Un ragionamento debole da punto di vista razionale. Sarebbe come dire, di fronte al freddo dell’inverno, che sia la prova che l’estate e il caldo non esistono. O nel buio della notte che la luce del giorno non esista. Eppure primavera e alba, fortunatamente, ad un certo punto arrivano.

Non solo, Veronesi usa un metro che ha più il sapore della religione che della scienza. Quando l’oncologo, parlando del cancro sottolinea «diventa molto difficile identificarlo come una manifestazione del volere di Dio». È curioso come qualcuno che si professi non credente individui la realtà come volere diretto del divino. In un’accezione, per altro, profondamente marcata da un forte determinismo che non è neanche così tipico del cattolicesimo. È piuttosto una visione religiosa molto infantile. Se le cose non vanno come penso io, Dio è cattivo. Se le cose vanno male Dio mi odia o non esiste.

Ma c’è anche un’altra questione centrale nel pensiero di Veronesi. Il fatto che l’uomo non possa contare su altro che sulle proprie capacità e talenti. Dove sta dunque il mio stupore? Che a dirlo sia uno scienziato. Questo ragionamento è molto poco scientifico. Nella sua analisi Veronesi infatti contravviene ad una delle regole basilari della scienza. Semplificando: una tesi, per essere valida, deve tenere conto di ogni possibilità e spiegare tutti i fenomeni. In questo caso invece l’oncologo dimentica un dato fondamentale: tutti i casi di specie da lui elencati (guerre, campi di sterminio e malattie) sono determinati dall’uomo. Lo stesso sforzo che l’uomo profonde per cercare soluzioni a queste situazioni è stato alla base del loro insorgere. Sono gli uomini a fare la guerra, come sono stati gli uomini a creare, gestire e far funzionare Auschwitz. Anche per le malattie spesso è stato così. Si è morti per tanto tempo di cose banali, spesso a causa di comportamenti sbagliati e a rischio. Quanti sono morti di peste a causa delle scarse condizioni d’igiene? E per il cancro, per quel che ne sappiamo non è lo stesso? Non abbiamo idea del perché succede, né di come curarlo. L’unica cosa che sappiamo con una certa percentuale di certezza è che inquinamento, fumo, dieta squilibrata e alcune sostanze portano più velocemente ad un’insorgenza.

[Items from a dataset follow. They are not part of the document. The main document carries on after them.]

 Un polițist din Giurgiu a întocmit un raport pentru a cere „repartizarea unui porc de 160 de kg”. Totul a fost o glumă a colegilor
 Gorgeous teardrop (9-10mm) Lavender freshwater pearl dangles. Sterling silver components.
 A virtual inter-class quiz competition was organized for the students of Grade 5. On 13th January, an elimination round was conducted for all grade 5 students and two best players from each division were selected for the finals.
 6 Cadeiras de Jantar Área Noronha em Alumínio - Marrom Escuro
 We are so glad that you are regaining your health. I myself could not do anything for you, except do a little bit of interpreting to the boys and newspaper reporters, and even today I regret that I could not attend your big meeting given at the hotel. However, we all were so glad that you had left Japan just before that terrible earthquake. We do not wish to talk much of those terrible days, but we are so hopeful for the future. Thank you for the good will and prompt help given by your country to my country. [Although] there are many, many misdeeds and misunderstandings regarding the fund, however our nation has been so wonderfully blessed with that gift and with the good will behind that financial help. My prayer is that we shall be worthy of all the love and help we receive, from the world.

Insomma Veronesi dopo tutta una vita di sforzi scopre che la sua capacità, la sua concentrazione, la sua lucidità, la sua esperienza, i suoi studi e il suo amore non sono bastati a sconfiggere il cancro. E la conclusione cui giunge è che “Dio non esiste”. È evidente il salto razionale. Chiunque di noi metterebbe in discussione quegli sforzi così generosamente profusi.

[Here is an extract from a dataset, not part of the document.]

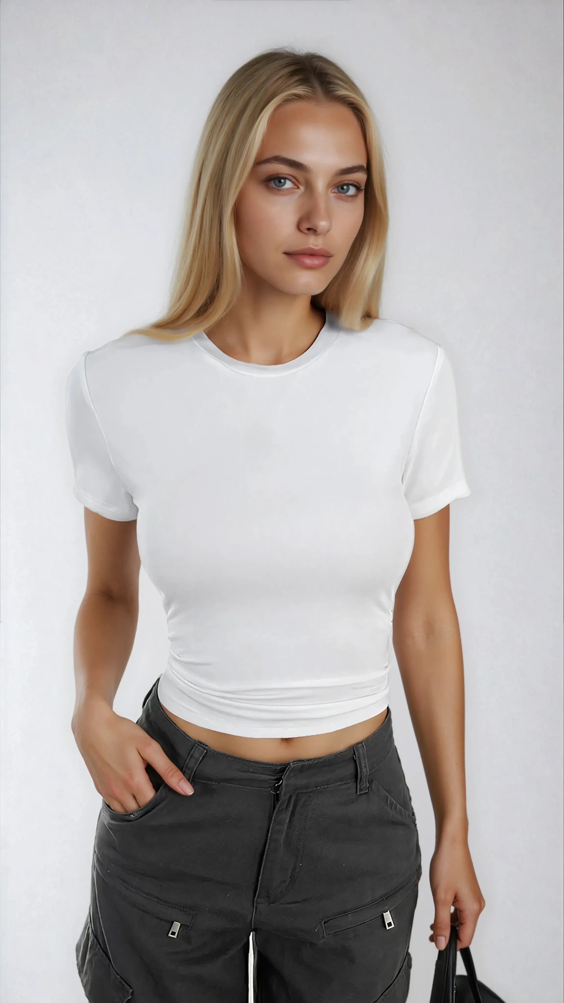 Design: A staple baby tee, designed to highlight the natural silhouette and provide a flattering, modern look.
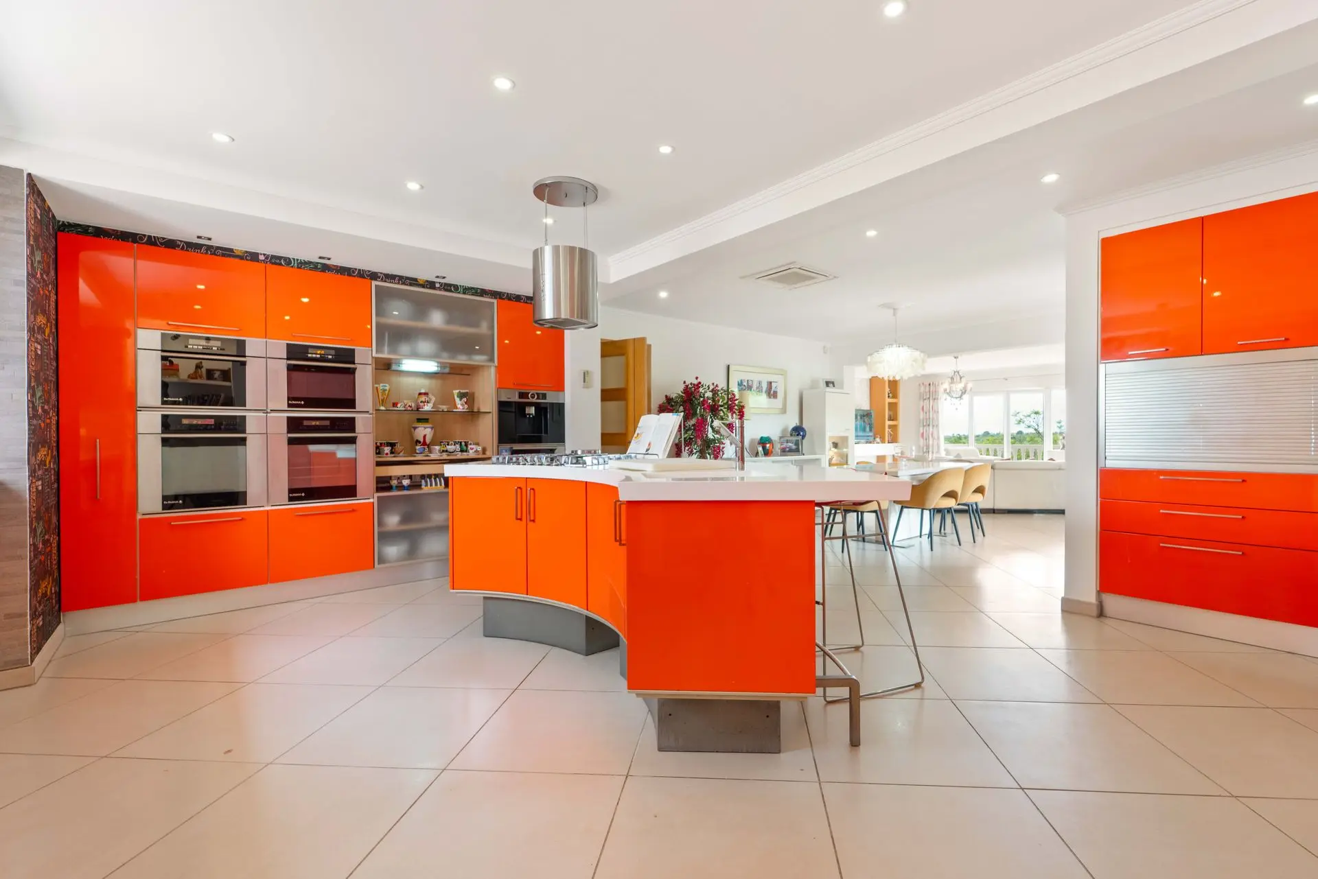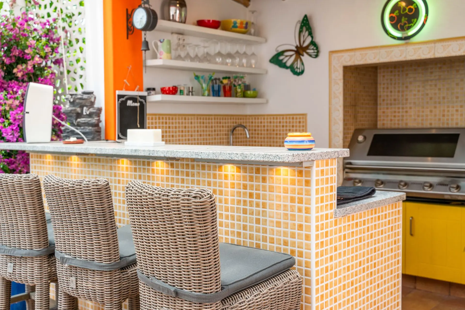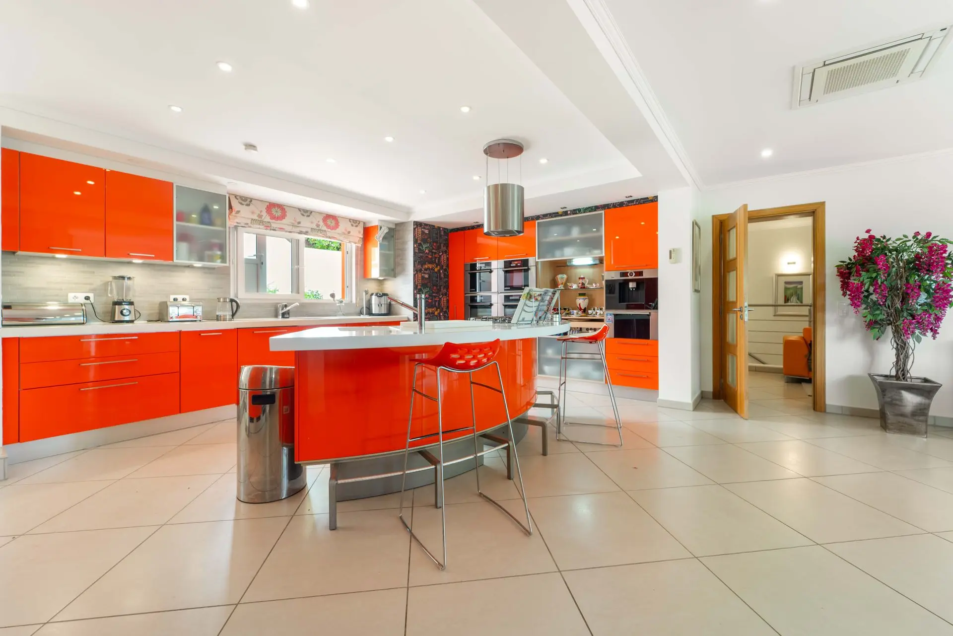 This contemporary kitchen perfectly blends form and function — a true centerpiece of the villa, ideal for both casual dining and gourmet entertaining.

Mentre pensavo a tutto questo mi è anche venuto in mente Don Tullio Proserpio, cappellano dell’Istituto dei Tumori di Milano. La persona che, insieme alla famiglia, è stata vicino a mio padre. Oggi Don Tullio, che ha anche un diario di viaggio su Vita, è a Houston (Texas) presso il Methodist Hospital. È lì in qualità di scienziato per condurre, insieme allo staff dell’ospedale che lo ha chiamato, un lavoro di ricerca sul tema della speranza nella malattia.

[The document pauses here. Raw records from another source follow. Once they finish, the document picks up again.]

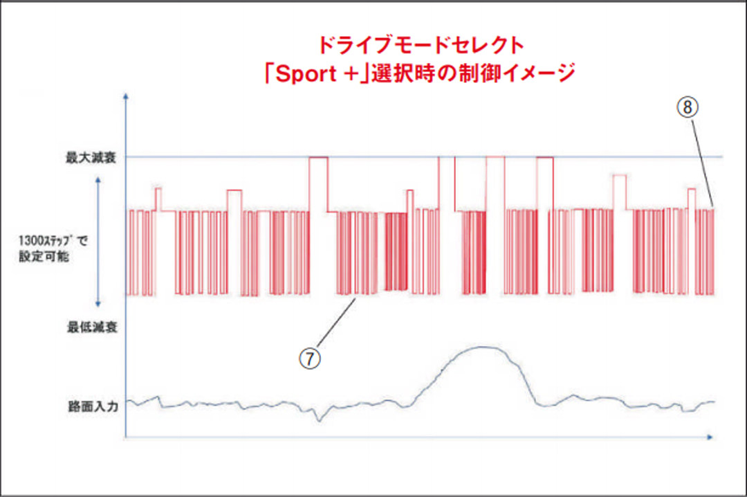 所以这样的自适应减震控制能在很短的时间内进行多次减震器阻尼变动,以优化行驶舒适性和操控性。
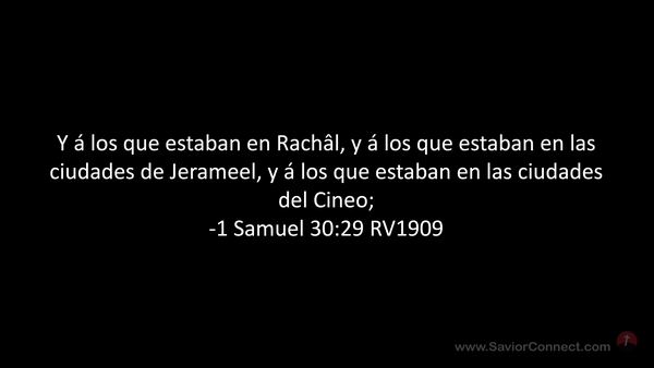 Y á los que estaban en Rachâl, y á los que estaban en las ciudades de Jerameel, y á los que estaban en las ciudades del Cineo; -1 Samuel 30:29 RV1909
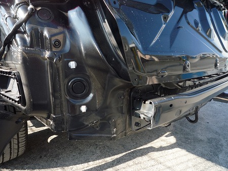 ダイハツコンテのリヤゲートを取替て、バックパネルを修理しています。バックパネルはポートパワーを使って、中から押し出しています。
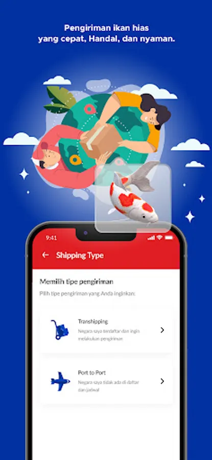 The JBG Transshipping Service application is a practical solution for sending ornamental fish to other countries (International Transshipping Service) fast, trustworthy and reliable in Jakarta, Indonesia.
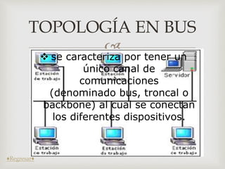 El documento describe 5 tipos de topologías de red: topología en bus, topología en anillo, topología en árbol, topología en estrella y topología en malla. La topología en bus tiene un único canal de comunicación al que se conectan los dispositivos. La topología en anillo conecta cada estación de forma secuencial. La topología en árbol conecta los nodos en forma de árbol, similar a varias topologías en estrella combinadas. La topología en estrella conecta todos los dispositivos directamente a un punto central

Cioè, sempre banalizzando, di come mai la speranza sia un fattore importante nel percorso di guarigione di un malato, anche oncologico.

La ricerca da cui nasce il viaggio texano del cappellano titolava “Hope in cancer patients: the relational domain as a crucial factor” ed è stata anche pubblicata sul Tumori Journal (TJ). Ha coinvolto 320 pazienti malati di neoplasie gravi. A condurla, un’équipe di lavoro multidisciplinare composta da oncologi, statistici, psicologi clinici e, appunto Don Tullio.

Insomma è curioso come un famoso oncologo faccia discorsi religiosi, mentre un umile prete vada negli States per fare ricerca scientifica.